The p-value is 0.002302 which is less than 0.05, thus we reject the null hypothesis and claim that there exists a significant difference between the survival rates of subjects that don't use treatment("Obs") vs those who do("Lev", "Lev + 5FU") Based on the negative sign of the coefficients, it is shown that both treatments' hazard rates are both lower than that of the hazard rate of observation group. We see that the coefficient The hazard rate for patients who are on rx of Lev is approximately 97.37 % of the hazard rate for patients in the control ("Obs") The hazard rate for patients who are on rx of Lev + 5FU is approximately 68.96 % of the hazard rate for patients in the control ("Obs"). Thus we see treatment using "Lev + 5FU" lessened hazard rates much more than than using just "Lev" did. A similar narrative is given from the 95% confidence intervals of the hazard ratios of each treatment level to the observation group.
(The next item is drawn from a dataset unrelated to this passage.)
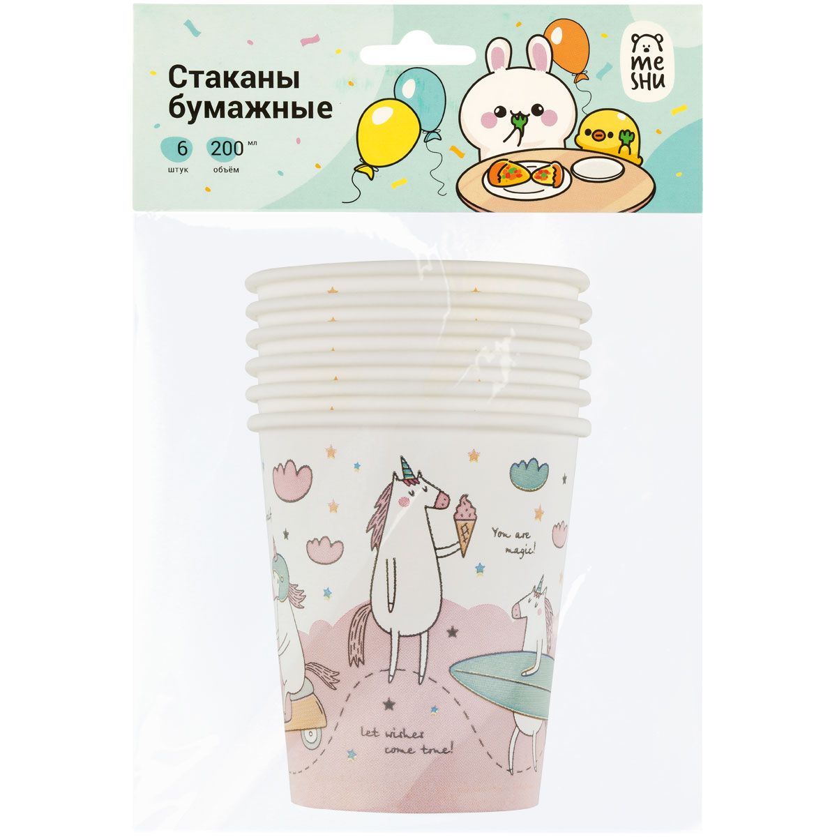 Стаканы бумажные MESHU "Unicorn", 200мл, 6шт.

#hazard ratio confidence interval
#rxLev to Obs
exp(-0.02664 - 1.96 * 0.11030) # lower

## [1] 0.7844064

exp(-0.02664 + 1.96 * 0.11030) # upper

## [1] 1.208703

#http://www.sthda.com/english/wiki/cox-proportional-hazards-model

The p-value of treatment Lev is 0.809 and the 95% confidence interval of the hazard ratio is 0.7844 to 1.209. The confidence interval includes 1. This indicates that we cannot claim that treatment with only Levamisole had a signficant effect in the hazard rates of the aptients in the study.

#hazard ratio confidence interval
#rxLev + 5FU to Obs
exp(-0.37171 - 1.96 * 0.11875) # lower

## [1] 0.5463694

exp(-0.37171 + 1.96 * 0.11875) # upper

## [1] 0.8702628

#http://www.sthda.com/english/wiki/cox-proportional-hazards-model

The p-value of treatment Lev is 0.00175 and the 95% confidence interval of the hazard ratio is 0.5463 to 0.8702. The confidence interval is less than 1, meaning it possessed statistical significance in reducing the hazard rates of the patients in the study.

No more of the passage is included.